Maybe that's the turning point between romance and relationship - when you start asking questions, and both parties find that they are comfortable with the answers (or lack thereof, in the case of SL).

OK, getting philosphical now. Best stop.

Finally, I think that the worst that can happen is not a "peaceful break." The worst that can happen is that the other party goes nuts, hacks your identity and kills you in FL. Okay, I know that's an extreme example, but a little sensationalism is good for site traffic. :)

I'd say that's more likely in a case where the parties involved didn't compare information and definitions until *after* things got serious.

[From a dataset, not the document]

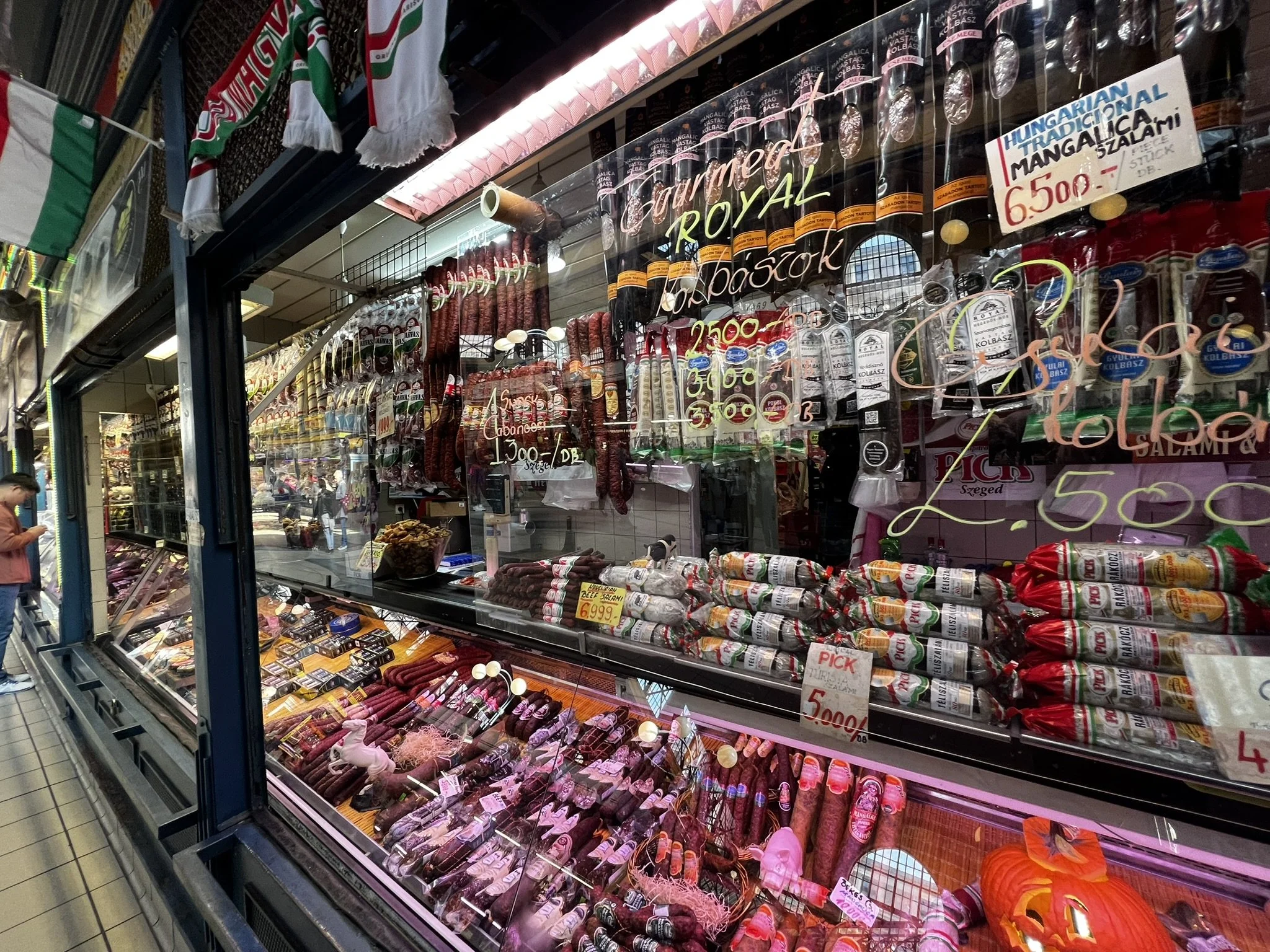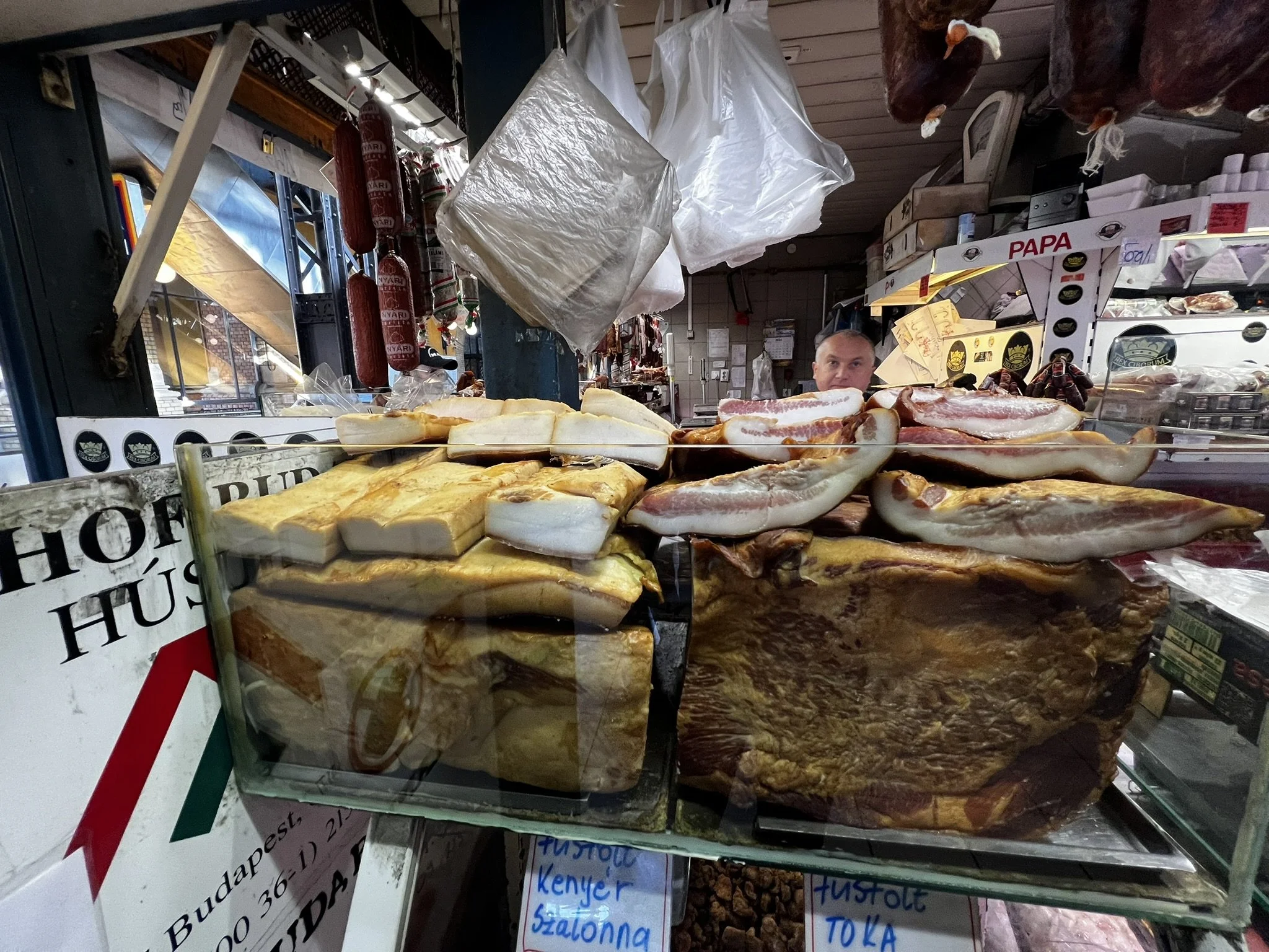 Inside, the lower floor buzzed with eager shoppers squeezing and sampling stacks of fresh produce that spilled from a myriad of enticing stalls—shiny apples, pickled gherkins, red, green, and purple tinted cabbage, candies, a plethora of stomach churning spirits offered by grinning locals. Smoked sausage and cured meats hung like trophies alongside barrels of fiery red paprika waiting to stain your fingers.

(Of course, there are differing definitions of "serious" too, so even more potential for confusion. Maybe that's why we do have societal standards. Anyway, tangent...)

I wouldn't worry too much about site traffic, though. You seem to be getting plenty ;)

Thanks for another engaging post!

Botgirl Questi said...

gahum: I agree with you. We would all be better off if we consistently considered the potential consequences of our actions before impulsively following the desires of the moment.

That said, my guess is that projecting our own fictions onto the mostly blank canvass of other's avatar identities is the more common and significant than intentional misrepresentation.